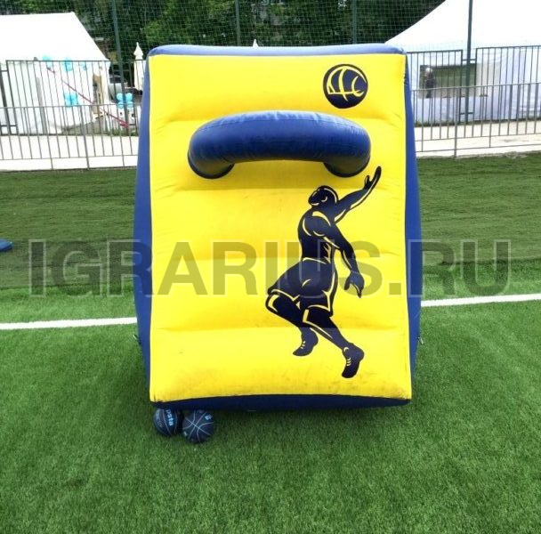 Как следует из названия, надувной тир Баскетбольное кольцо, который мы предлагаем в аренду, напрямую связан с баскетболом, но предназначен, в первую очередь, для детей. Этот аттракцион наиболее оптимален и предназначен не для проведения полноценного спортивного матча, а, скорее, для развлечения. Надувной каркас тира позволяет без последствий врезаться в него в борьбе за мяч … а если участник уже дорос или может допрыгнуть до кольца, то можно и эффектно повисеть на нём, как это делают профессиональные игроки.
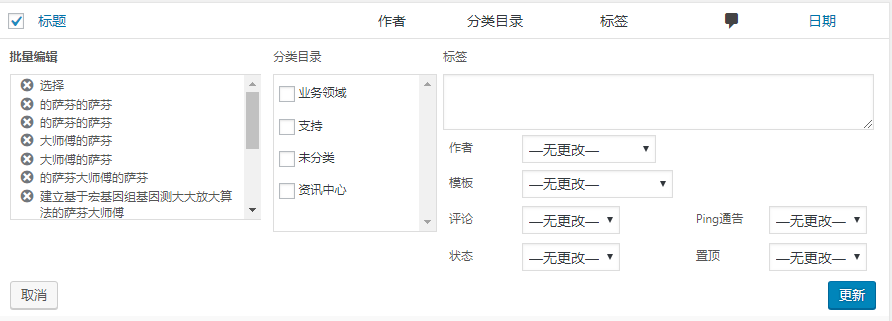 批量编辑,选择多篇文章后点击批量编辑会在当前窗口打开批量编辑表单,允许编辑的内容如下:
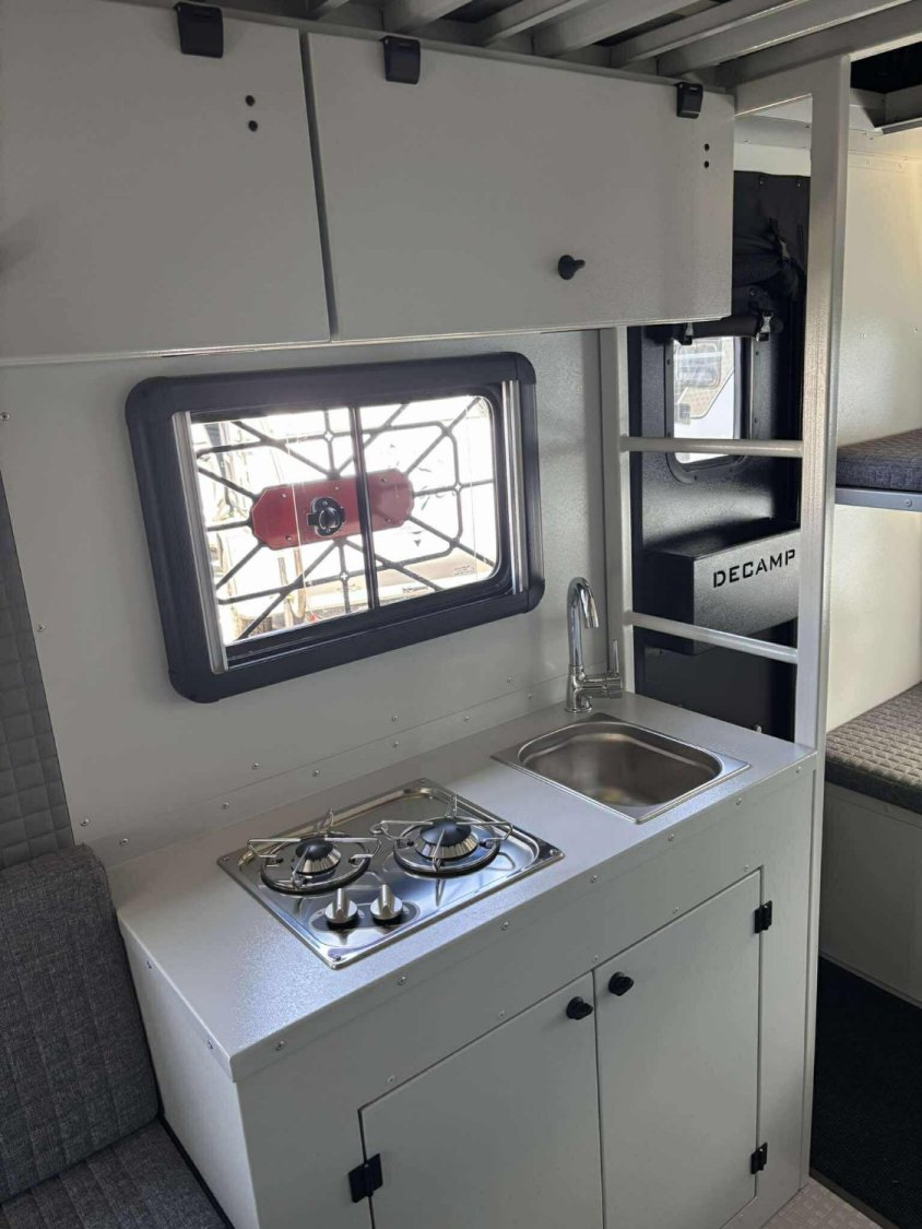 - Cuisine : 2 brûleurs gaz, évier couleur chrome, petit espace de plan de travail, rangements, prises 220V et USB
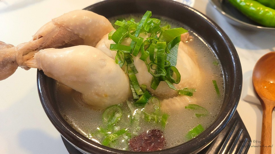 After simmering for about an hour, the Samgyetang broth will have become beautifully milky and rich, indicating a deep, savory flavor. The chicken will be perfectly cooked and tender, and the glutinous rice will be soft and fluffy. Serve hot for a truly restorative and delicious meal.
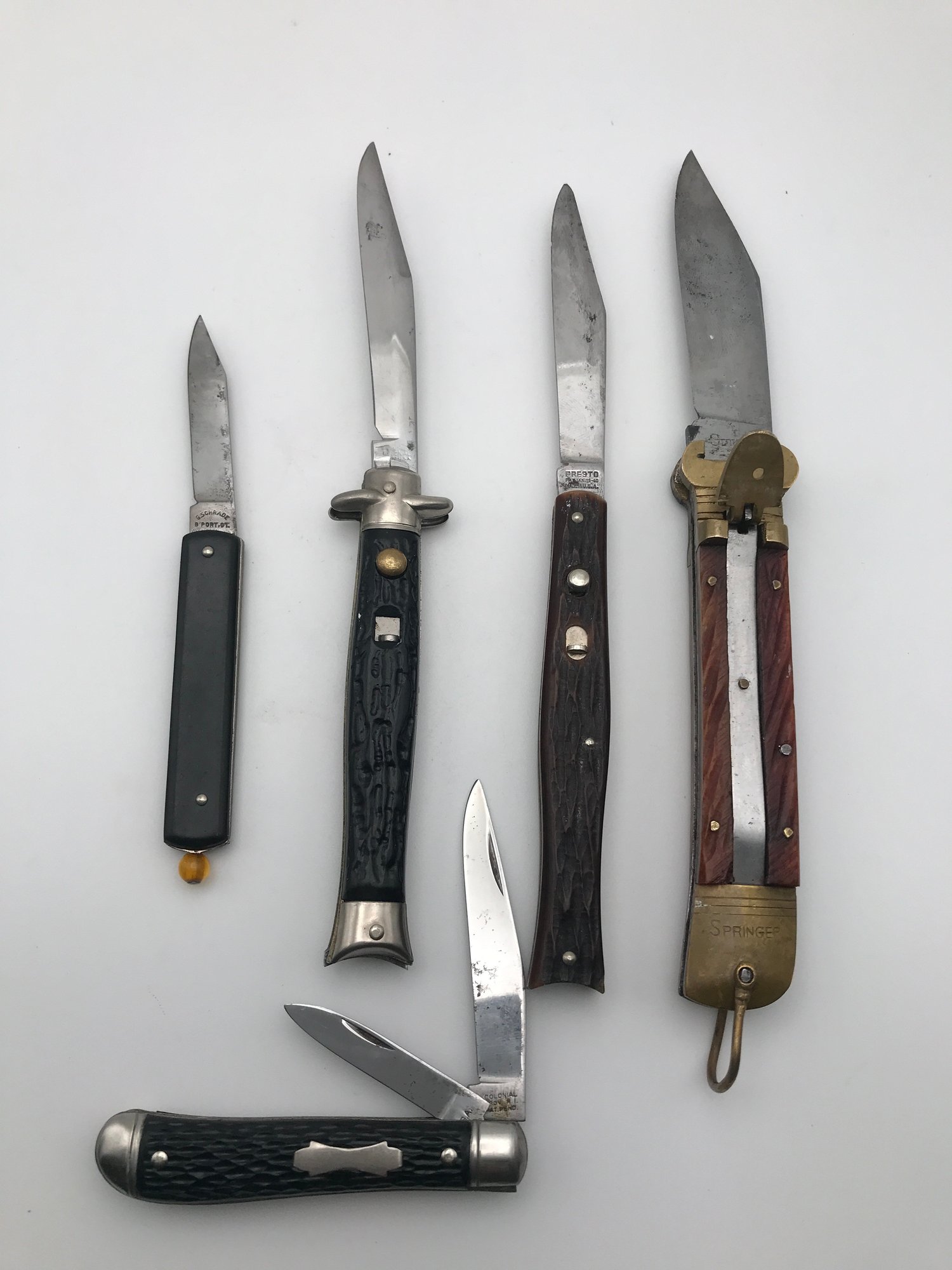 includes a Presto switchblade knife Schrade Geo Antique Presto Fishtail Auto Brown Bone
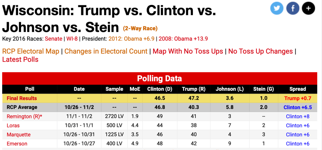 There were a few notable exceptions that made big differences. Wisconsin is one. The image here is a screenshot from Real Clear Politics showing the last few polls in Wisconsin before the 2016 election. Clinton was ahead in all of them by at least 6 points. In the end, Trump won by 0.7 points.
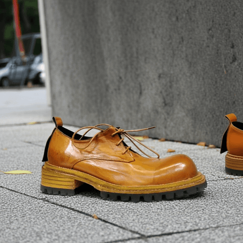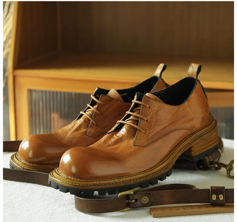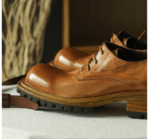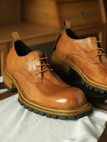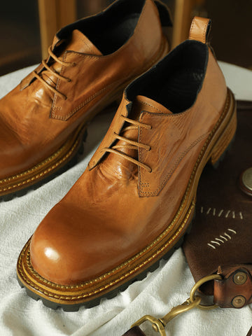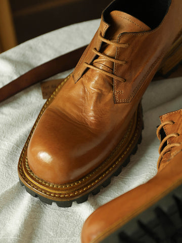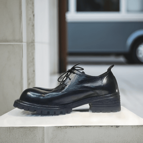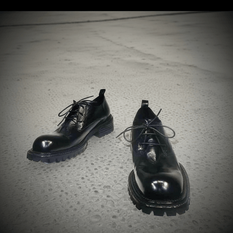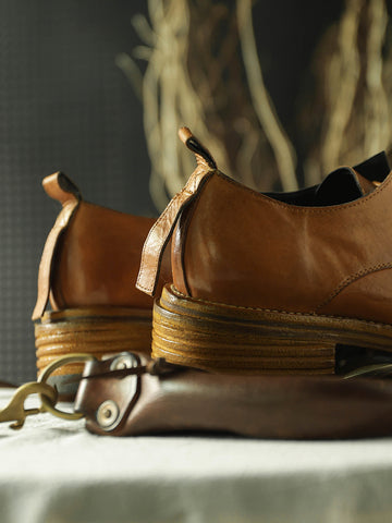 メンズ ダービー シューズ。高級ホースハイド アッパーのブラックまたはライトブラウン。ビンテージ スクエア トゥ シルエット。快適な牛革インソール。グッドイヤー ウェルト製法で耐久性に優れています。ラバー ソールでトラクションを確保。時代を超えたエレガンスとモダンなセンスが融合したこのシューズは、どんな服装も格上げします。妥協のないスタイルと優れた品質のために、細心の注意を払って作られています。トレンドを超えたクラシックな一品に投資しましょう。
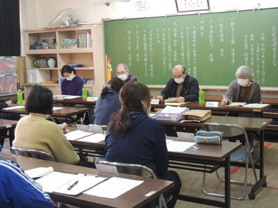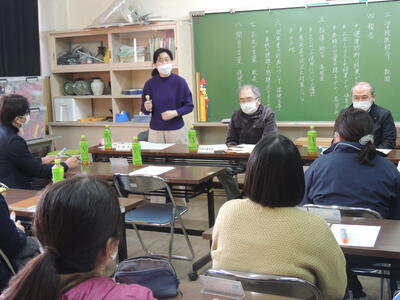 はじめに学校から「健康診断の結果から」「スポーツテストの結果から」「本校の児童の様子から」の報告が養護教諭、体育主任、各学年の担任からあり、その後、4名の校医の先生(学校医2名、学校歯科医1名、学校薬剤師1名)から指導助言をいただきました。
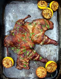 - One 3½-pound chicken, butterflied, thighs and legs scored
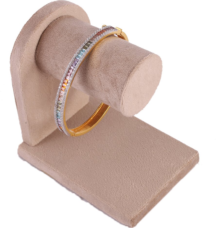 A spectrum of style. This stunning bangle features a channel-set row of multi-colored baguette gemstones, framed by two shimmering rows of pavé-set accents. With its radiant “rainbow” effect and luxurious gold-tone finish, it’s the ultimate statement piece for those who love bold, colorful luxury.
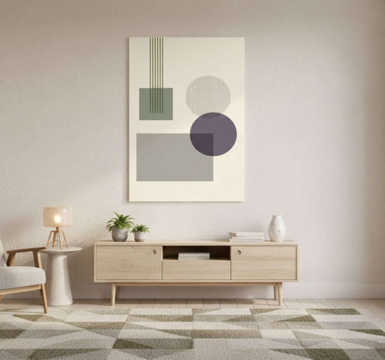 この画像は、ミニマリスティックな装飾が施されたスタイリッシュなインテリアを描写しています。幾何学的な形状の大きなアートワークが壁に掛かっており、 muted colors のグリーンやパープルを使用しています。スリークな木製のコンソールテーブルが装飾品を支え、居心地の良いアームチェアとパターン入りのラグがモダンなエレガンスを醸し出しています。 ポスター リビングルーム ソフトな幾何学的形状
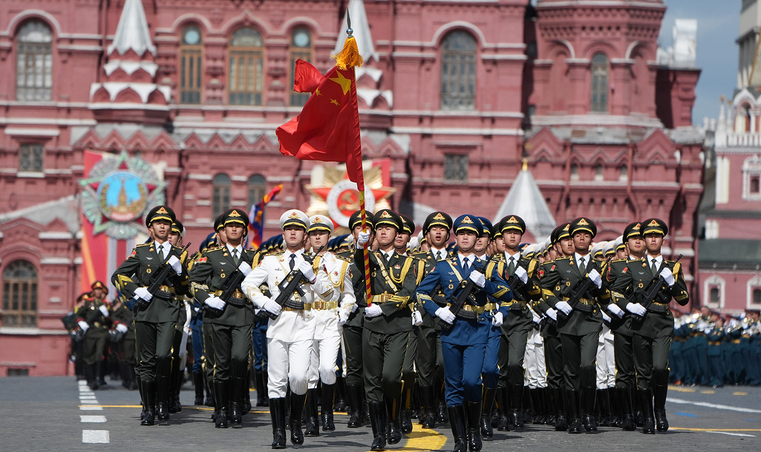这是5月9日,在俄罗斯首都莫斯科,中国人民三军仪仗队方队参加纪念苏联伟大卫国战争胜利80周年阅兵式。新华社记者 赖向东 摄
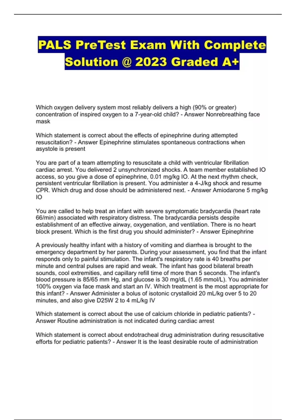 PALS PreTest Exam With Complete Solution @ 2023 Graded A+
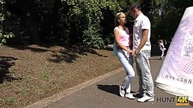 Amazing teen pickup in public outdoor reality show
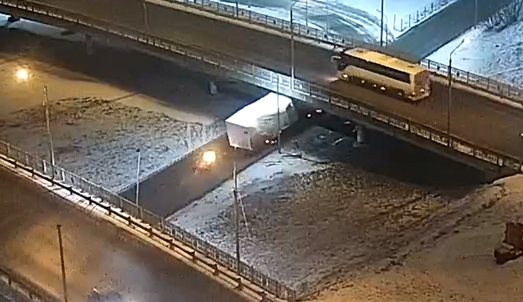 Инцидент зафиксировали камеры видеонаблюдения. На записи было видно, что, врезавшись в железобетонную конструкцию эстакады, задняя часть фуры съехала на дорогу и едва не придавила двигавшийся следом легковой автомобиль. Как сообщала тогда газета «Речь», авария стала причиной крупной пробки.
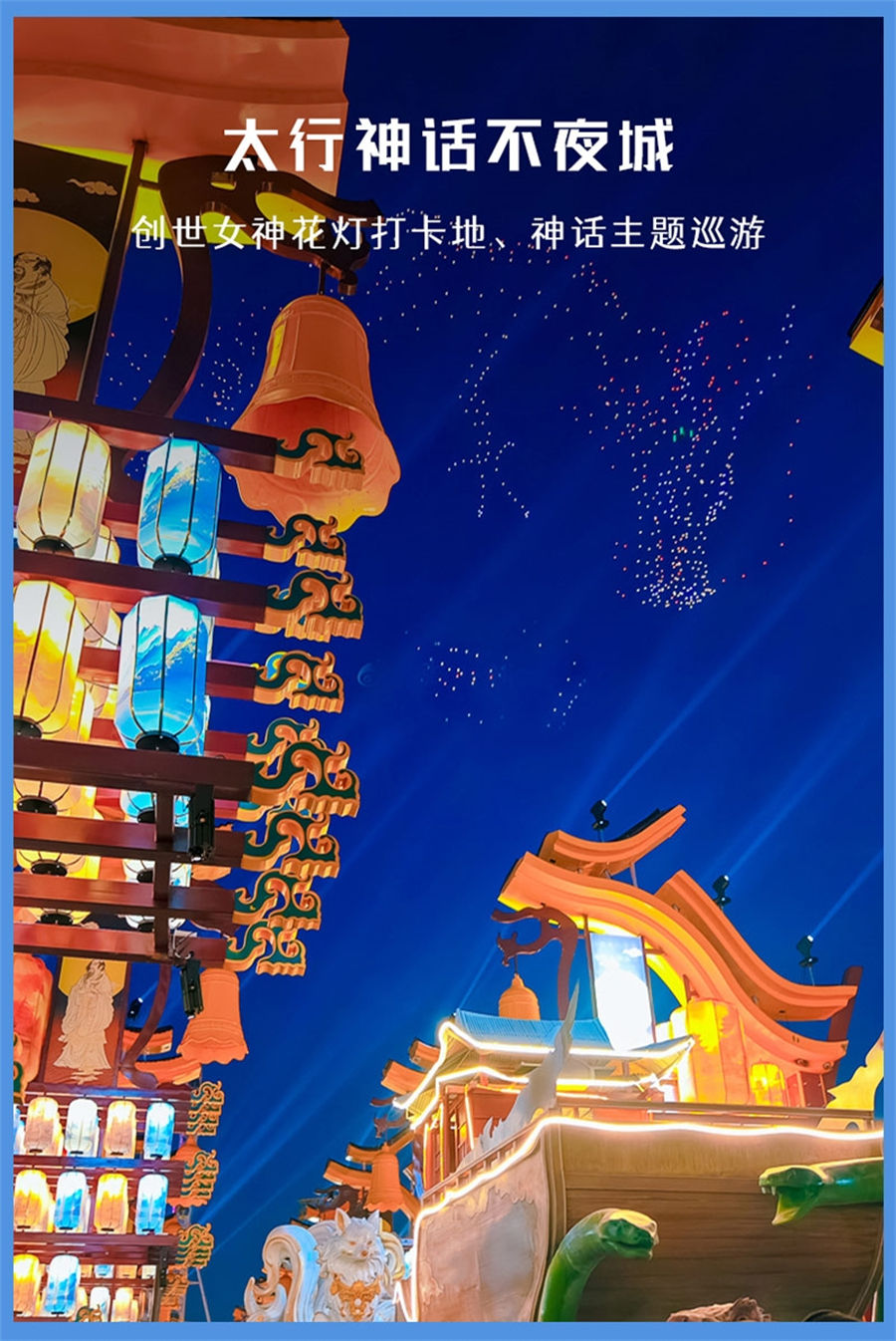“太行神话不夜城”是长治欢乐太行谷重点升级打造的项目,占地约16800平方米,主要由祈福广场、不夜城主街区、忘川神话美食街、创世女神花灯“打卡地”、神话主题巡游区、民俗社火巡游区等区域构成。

*WORK TO COMPLETE:* Only one stretch of the data is wanted: write out exactly the lines from the one holding "はじめに学校から「健康診断の" through the one holding "A spectrum of", both included, without the pictures.

*OUTPUT:*
 はじめに学校から「健康診断の結果から」「スポーツテストの結果から」「本校の児童の様子から」の報告が養護教諭、体育主任、各学年の担任からあり、その後、4名の校医の先生(学校医2名、学校歯科医1名、学校薬剤師1名)から指導助言をいただきました。
 - One 3½-pound chicken, butterflied, thighs and legs scored
 A spectrum of style. This stunning bangle features a channel-set row of multi-colored baguette gemstones, framed by two shimmering rows of pavé-set accents. With its radiant “rainbow” effect and luxurious gold-tone finish, it’s the ultimate statement piece for those who love bold, colorful luxury.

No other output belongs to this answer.